*** Available data
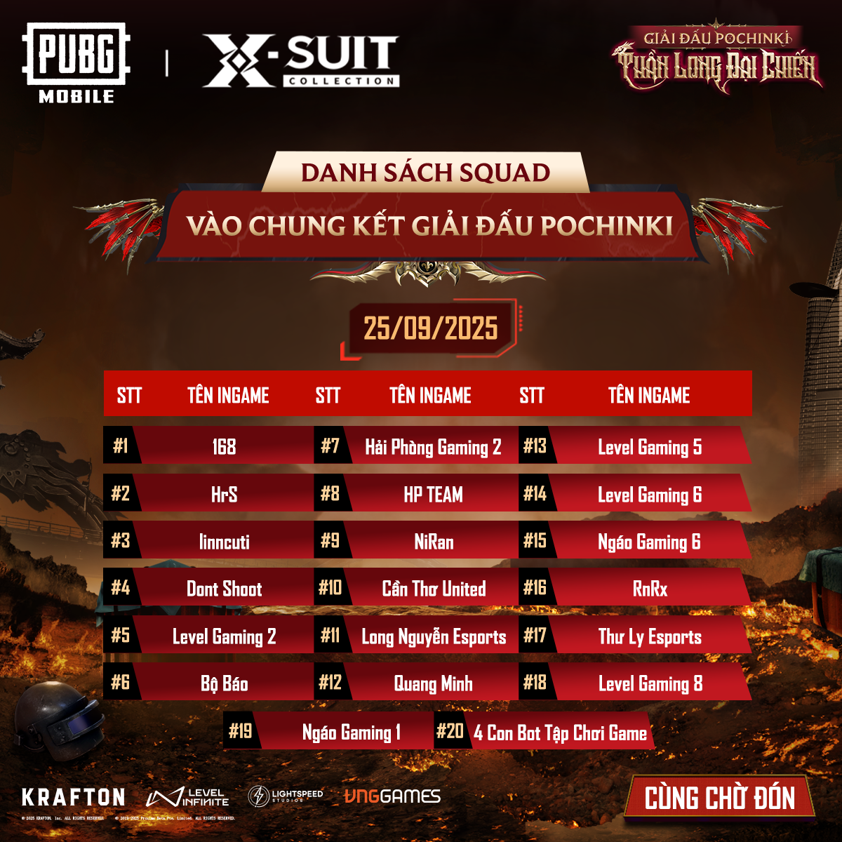 Bùng nổ đam mê, hội tụ bản lĩnh. Ai sẽ xưng vương tại Pochinki 2025? Hãy sẵn sàng – chiến trường đã điểm tên những đội tuyển xuất sắc nhất, và trận đấu thực sự sẽ chỉ bắt đầu tại Chung Kết này!
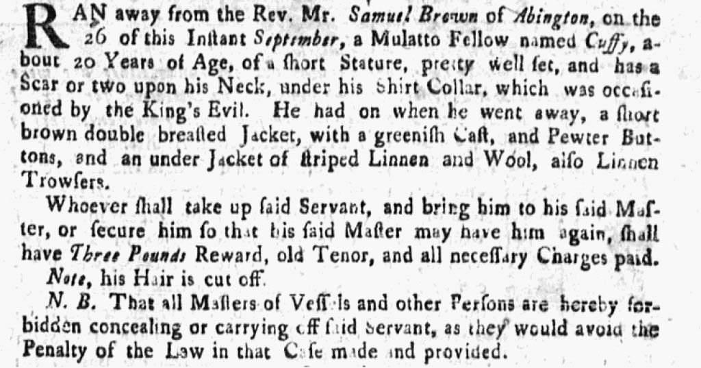 28 years before the Battles of Lexington and Concord, we find a 1747 ad in the Boston Evening-Post documenting Cuffy’s earliest known act of resistance: “Ran away from the Rev. Mr. Samuel Brown of Abington…a Mulatto Fellow named Cuffy.”
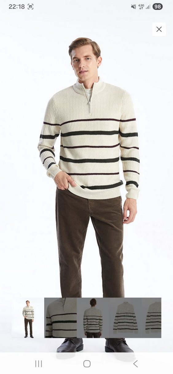 Bu erkek kazak, bisiklet yaka ve uzun kollu olup, normal boyda ve regular fit kesimdedir. Yünden örülmüş olup kahverengi taban üzerinde gri çizgilerle tasarlanmıştır.
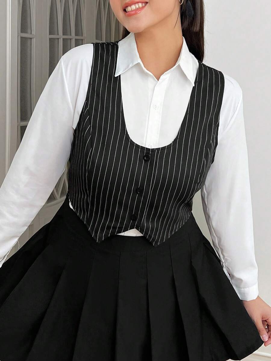 SHEIN Qutie Plus Pinstriped Print Vest Blazer Without Shirt
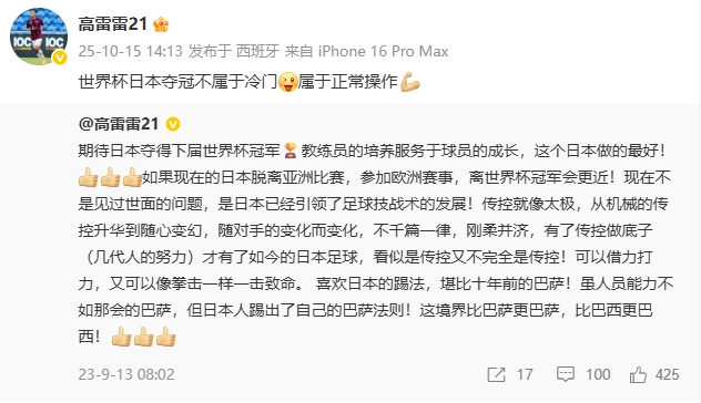 高雷雷转发了自己两年前谈日本足球的言论,并写道:“世界杯日本夺冠不属于冷门,属于正常操作”
******
• [To do] The lines to copy begin with the one containing "28 years before" and end with the last line of the entries above; copy them exactly, minus the pictures.

• [Response to the exercise]
 28 years before the Battles of Lexington and Concord, we find a 1747 ad in the Boston Evening-Post documenting Cuffy’s earliest known act of resistance: “Ran away from the Rev. Mr. Samuel Brown of Abington…a Mulatto Fellow named Cuffy.”
 Bu erkek kazak, bisiklet yaka ve uzun kollu olup, normal boyda ve regular fit kesimdedir. Yünden örülmüş olup kahverengi taban üzerinde gri çizgilerle tasarlanmıştır.
 SHEIN Qutie Plus Pinstriped Print Vest Blazer Without Shirt
 高雷雷转发了自己两年前谈日本足球的言论,并写道:“世界杯日本夺冠不属于冷门,属于正常操作”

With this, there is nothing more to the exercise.